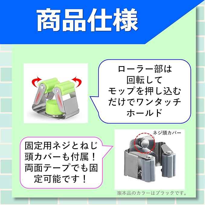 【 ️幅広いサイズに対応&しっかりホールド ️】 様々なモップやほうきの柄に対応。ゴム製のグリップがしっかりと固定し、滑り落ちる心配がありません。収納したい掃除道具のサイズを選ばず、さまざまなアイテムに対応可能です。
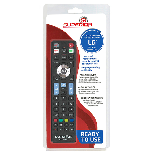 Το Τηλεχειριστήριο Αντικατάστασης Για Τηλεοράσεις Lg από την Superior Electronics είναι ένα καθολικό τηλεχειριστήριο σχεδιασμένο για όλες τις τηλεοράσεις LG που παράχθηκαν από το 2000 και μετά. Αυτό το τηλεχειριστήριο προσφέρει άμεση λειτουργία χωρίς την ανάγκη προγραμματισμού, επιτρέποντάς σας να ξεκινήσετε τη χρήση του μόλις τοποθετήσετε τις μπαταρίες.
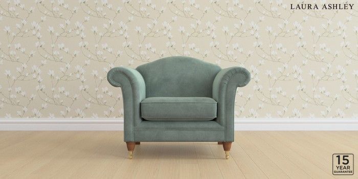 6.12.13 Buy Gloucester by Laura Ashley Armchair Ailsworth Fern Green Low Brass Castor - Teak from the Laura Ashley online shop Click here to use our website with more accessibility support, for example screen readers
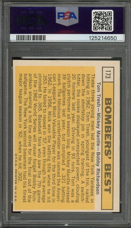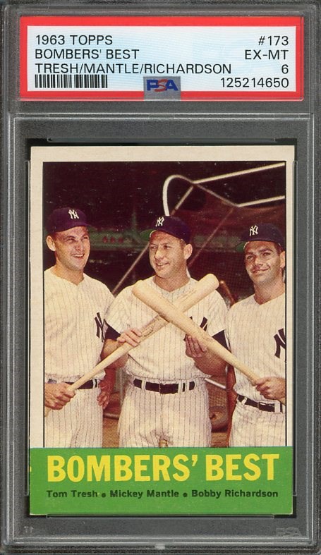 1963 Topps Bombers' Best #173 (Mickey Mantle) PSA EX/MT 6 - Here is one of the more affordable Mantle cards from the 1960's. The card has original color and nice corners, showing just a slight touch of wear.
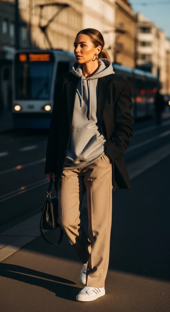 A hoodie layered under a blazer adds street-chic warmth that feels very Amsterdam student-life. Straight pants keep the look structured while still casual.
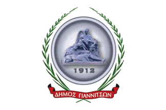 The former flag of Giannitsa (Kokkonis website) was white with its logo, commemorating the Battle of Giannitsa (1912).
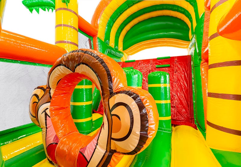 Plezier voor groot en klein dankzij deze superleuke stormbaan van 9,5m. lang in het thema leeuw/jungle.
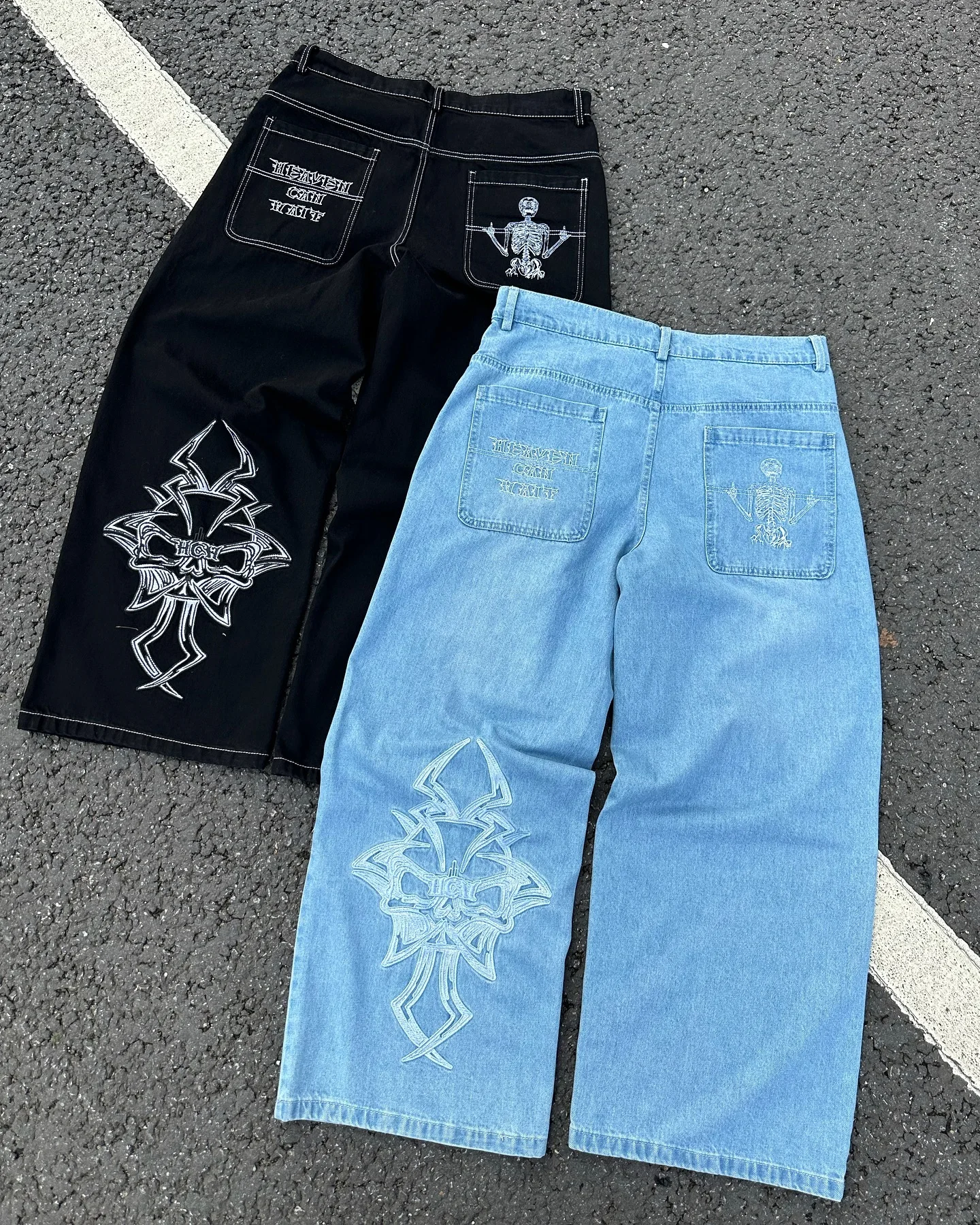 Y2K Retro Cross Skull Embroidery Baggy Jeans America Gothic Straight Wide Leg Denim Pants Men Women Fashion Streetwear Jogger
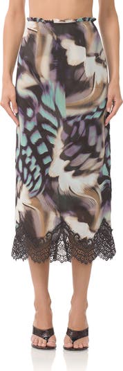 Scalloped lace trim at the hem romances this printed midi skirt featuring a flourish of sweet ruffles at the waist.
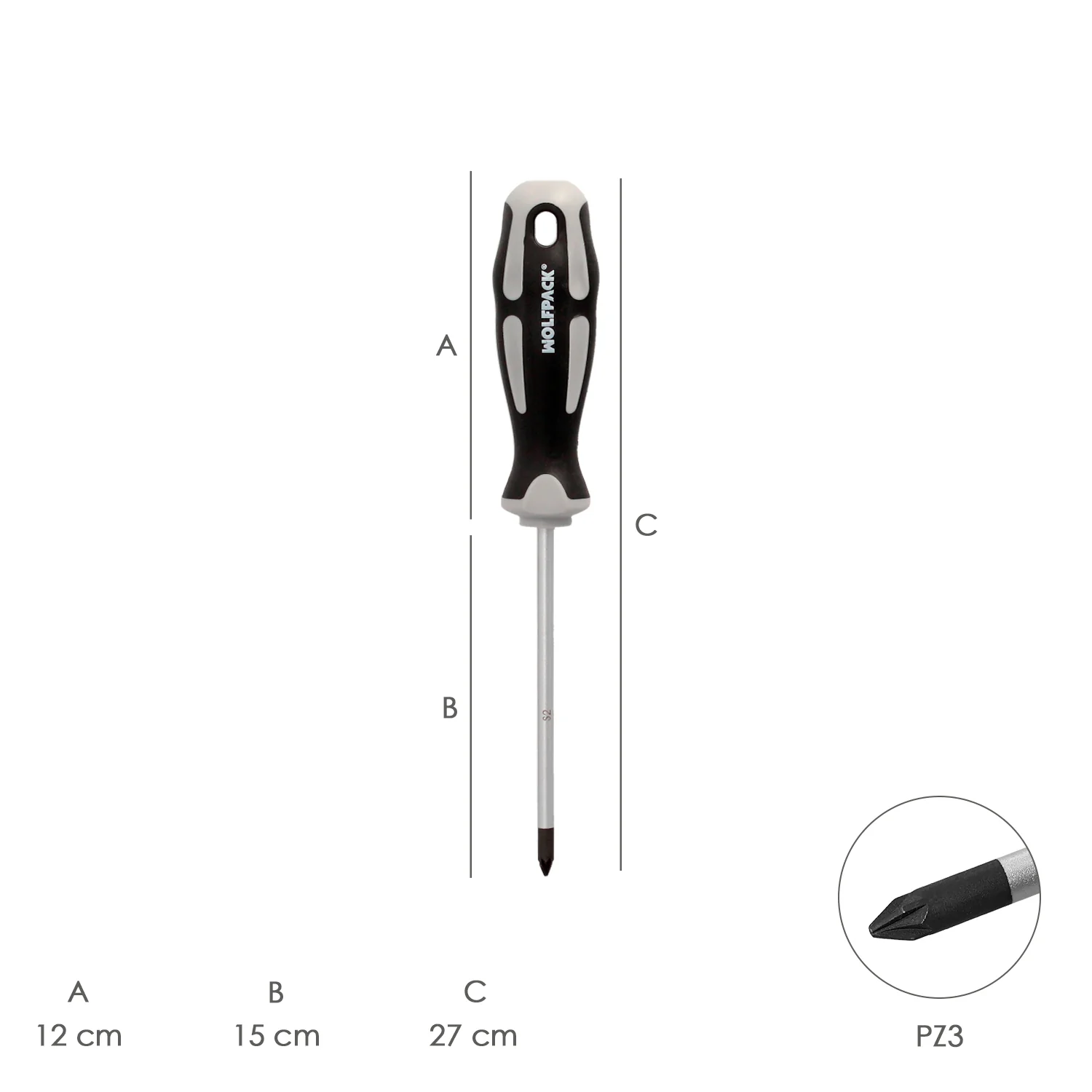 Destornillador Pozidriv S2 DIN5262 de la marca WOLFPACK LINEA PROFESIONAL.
# # #
Copy exactly, please, every line from the one holding "Scalloped lace trim" through the last line of the data, both ends included, and no pictures.

### RESULT
 Scalloped lace trim at the hem romances this printed midi skirt featuring a flourish of sweet ruffles at the waist.
 Destornillador Pozidriv S2 DIN5262 de la marca WOLFPACK LINEA PROFESIONAL.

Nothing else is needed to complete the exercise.